I have following problem
Consider Poincare disk.
$i.e$ $\mathbb{M}=\{ (x,y) \in \mathbb{R}^2 : x^2+y^2 <1 \}$ with metric $ g= 4\frac{dx^2 +dy^2}{(1-x^2-y^2)^2}$
Show the complex mobius transformation, \begin{align} z \rightarrow \frac{z-w}{1-\bar{w}z} \end{align}understood as a map of $\mathbb{M}$ into itself.
Here one can set as $z=x+iy$, and $w=a+ib$, where $(x,y) \in \mathbb{M}$ and $(a,b) \in \mathbb{M}$.

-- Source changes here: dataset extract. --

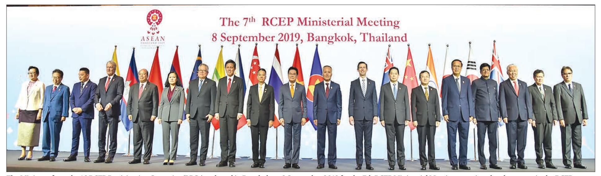
The Ministers from the 16 RCEP Participating Countries (RPCs) gathered in Bangkok on 8 September 2019 for the 7th RCEP Ministerial Meeting to review developments in the RCEP negotiations since the Ministers last met in Beijing on 2-3 August 2019. The Meeting was chaired by H E Jurin Laksanawisit, Deputy Prime Minister and Minister of Commerce of Thailand.

14 BUSINESS 16 OCTOBER 2019 THE GLOBAL NEW LIGHT OF MYANMAR

I don't understand the sentence "a map of $\mathbb{M}$ into itself. " What does this mean?
I try to see $\frac{z-w}{1-\bar{w}z} \in \mathbb{M}$
\begin{align} z \rightarrow \frac{z-w}{1-\bar{w}z} \end{align} with $z=x+iy$, and $w=a+ib$, where $(x,y) \in \mathbb{M}$ and $(a,b) \in \mathbb{M}$.
\begin{align} \frac{z-w}{1-\bar{w}z}&=\frac{x+iy-(a+ib)}{1-(a-ib)(x+iy)}=\frac{x-a+i(y-b)}{1-ax-by + i(ay-bx)} \\ &=\frac{x-a+i(y-b)}{1-ax-by + i(ay-bx)} \frac{1-ax-by- i(ay-bx)}{1-ax-by- i(ay-bx)} \\ &= \frac{(x-a)(1-ax-by)+(y-b)(ay-bx)+i[(y-b)(1-ax-by)-(x-a)(ay-bx)]}{(a^2+b^2)x^2 + (a^2 +b^2)y^2 -2ax -2by +1} \\ &=\frac{ay^2 -ax^2 -2bxy +(a^2 +b^2 +1)x -a}{(a^2+b^2)x^2 + (a^2 +b^2)y^2 -2ax -2by +1} + i \frac{bx^2 +by^2 -2axy +(b^2 -a^2 +1)y-b}{(a^2+b^2)x^2 + (a^2 +b^2)y^2 -2ax -2by +1} \\ &=\tilde{a}+i\tilde{b} \end{align} Then how can i show $\tilde{a}, \tilde{b}$ is in $\mathbb{M}$?